» **Information provided**:
-------

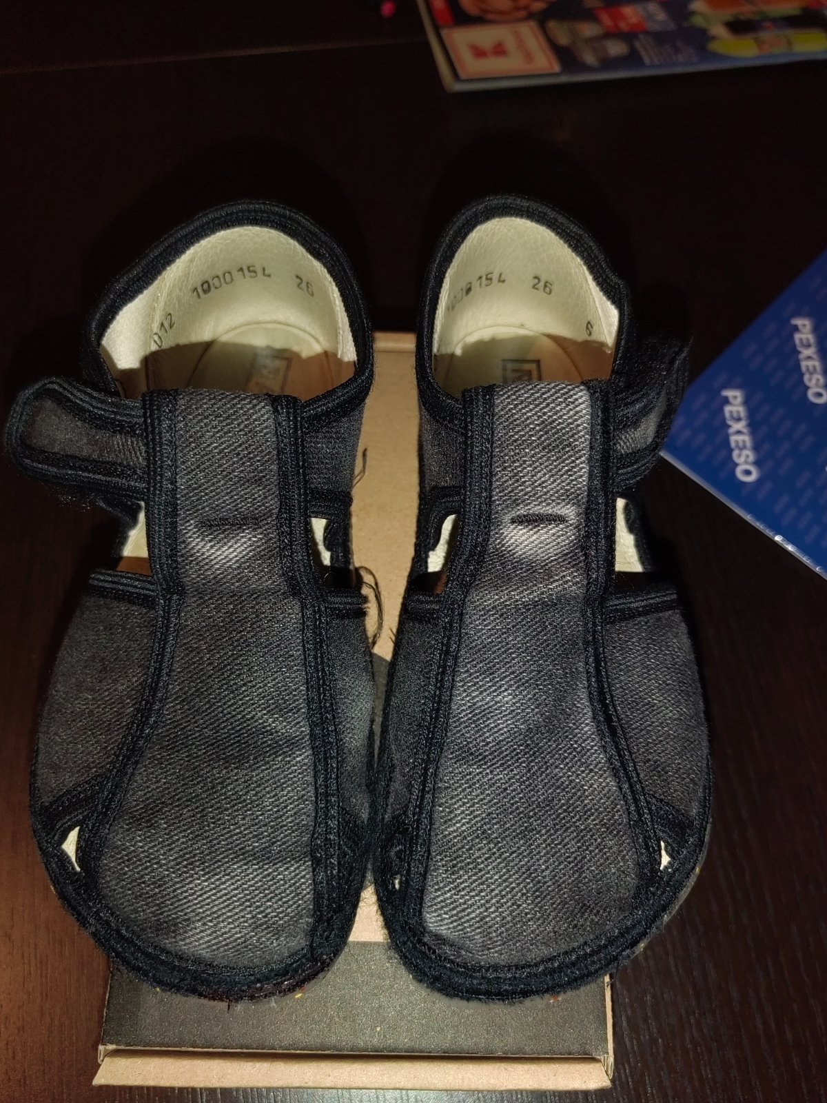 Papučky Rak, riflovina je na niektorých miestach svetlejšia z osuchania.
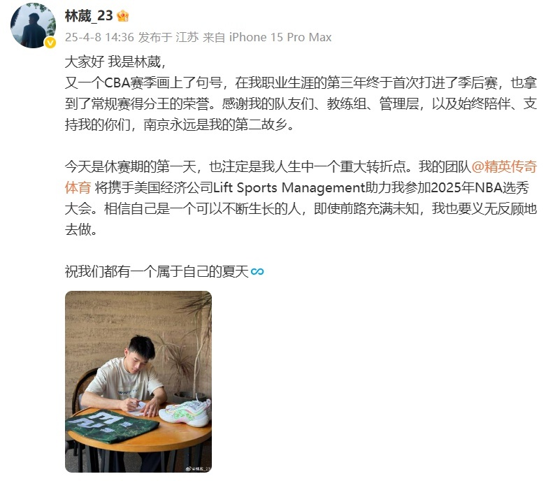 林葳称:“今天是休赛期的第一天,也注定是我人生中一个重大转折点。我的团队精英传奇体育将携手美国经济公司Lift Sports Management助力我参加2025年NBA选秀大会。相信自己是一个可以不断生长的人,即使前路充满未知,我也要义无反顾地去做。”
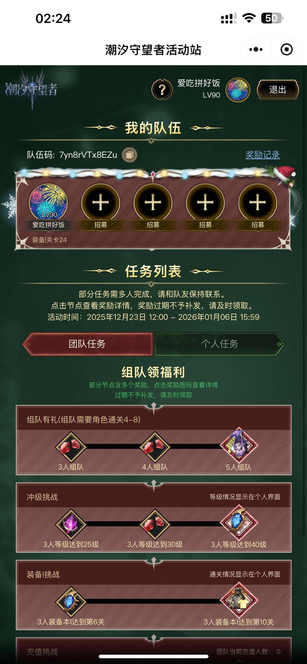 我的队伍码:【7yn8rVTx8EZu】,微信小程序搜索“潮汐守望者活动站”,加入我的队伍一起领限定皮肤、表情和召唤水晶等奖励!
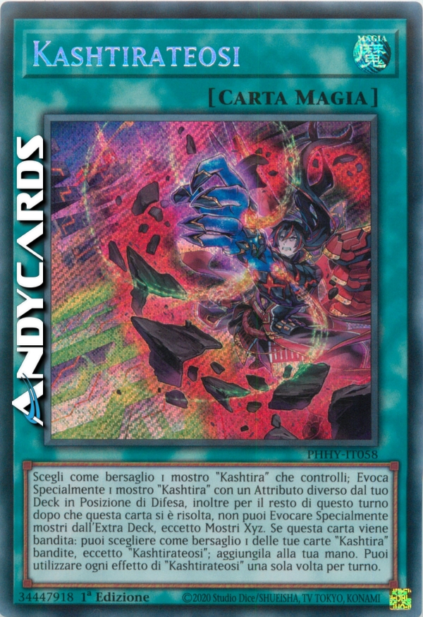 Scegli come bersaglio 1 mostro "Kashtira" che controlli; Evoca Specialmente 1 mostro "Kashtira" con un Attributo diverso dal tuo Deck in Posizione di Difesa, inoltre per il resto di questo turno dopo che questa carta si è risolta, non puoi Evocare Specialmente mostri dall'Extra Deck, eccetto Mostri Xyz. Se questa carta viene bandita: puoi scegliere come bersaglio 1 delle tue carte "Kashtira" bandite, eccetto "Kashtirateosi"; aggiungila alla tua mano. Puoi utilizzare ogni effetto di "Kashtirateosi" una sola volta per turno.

-------

» **What you have to do**: The required output is each line above restated verbatim, with all images omitted.

» **Written solution**:
 Papučky Rak, riflovina je na niektorých miestach svetlejšia z osuchania.
 林葳称:“今天是休赛期的第一天,也注定是我人生中一个重大转折点。我的团队精英传奇体育将携手美国经济公司Lift Sports Management助力我参加2025年NBA选秀大会。相信自己是一个可以不断生长的人,即使前路充满未知,我也要义无反顾地去做。”
 我的队伍码:【7yn8rVTx8EZu】,微信小程序搜索“潮汐守望者活动站”,加入我的队伍一起领限定皮肤、表情和召唤水晶等奖励!
 Scegli come bersaglio 1 mostro "Kashtira" che controlli; Evoca Specialmente 1 mostro "Kashtira" con un Attributo diverso dal tuo Deck in Posizione di Difesa, inoltre per il resto di questo turno dopo che questa carta si è risolta, non puoi Evocare Specialmente mostri dall'Extra Deck, eccetto Mostri Xyz. Se questa carta viene bandita: puoi scegliere come bersaglio 1 delle tue carte "Kashtira" bandite, eccetto "Kashtirateosi"; aggiungila alla tua mano. Puoi utilizzare ogni effetto di "Kashtirateosi" una sola volta per turno.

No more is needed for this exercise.